Segment Start: Extracted data

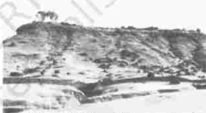
Ralegan Siddhi before mitigation approach

A Rs 22 lakh school building was constructed using only the resources of the village. No donations were taken. Money, if needed, was borrowed and paid back. The villagers took pride in this self-reliance. A new system of sharing labour grew out of this infusion of pride and voluntary spirit. People volunteered to help each other in agricultural operation. Landless labourers also
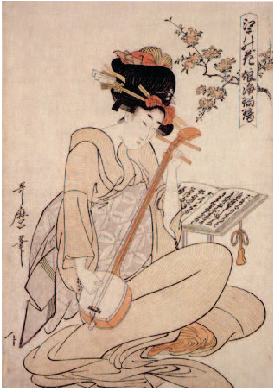
"Flowers of Edo: Young Woman's Narrative Chanting to the Samisen"
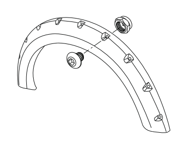
For Rivet Style Only
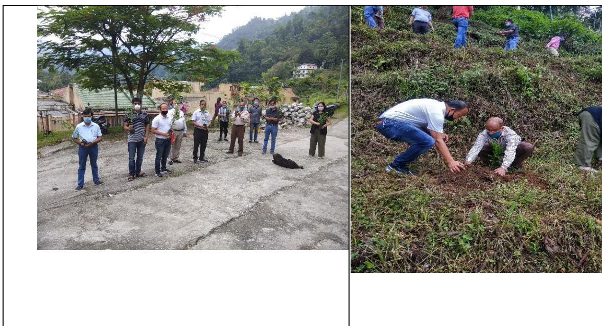
Photo: Celebration of world environment day by planting sapling of Orange at College campus (50 nos.)
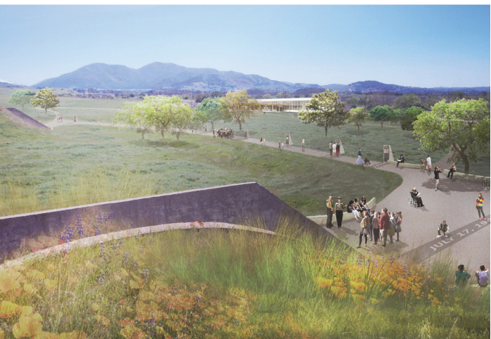
Some existing weapons magazines will be retained at the park for interpretive and recreational uses.

Segment End: Extracted data

From the first line to the last, copy the listing above exactly, dropping all images.

Ralegan Siddhi before mitigation approach

A Rs 22 lakh school building was constructed using only the resources of the village. No donations were taken. Money, if needed, was borrowed and paid back. The villagers took pride in this self-reliance. A new system of sharing labour grew out of this infusion of pride and voluntary spirit. People volunteered to help each other in agricultural operation. Landless labourers also
"Flowers of Edo: Young Woman's Narrative Chanting to the Samisen"
For Rivet Style Only
Photo: Celebration of world environment day by planting sapling of Orange at College campus (50 nos.)
Some existing weapons magazines will be retained at the park for interpretive and recreational uses.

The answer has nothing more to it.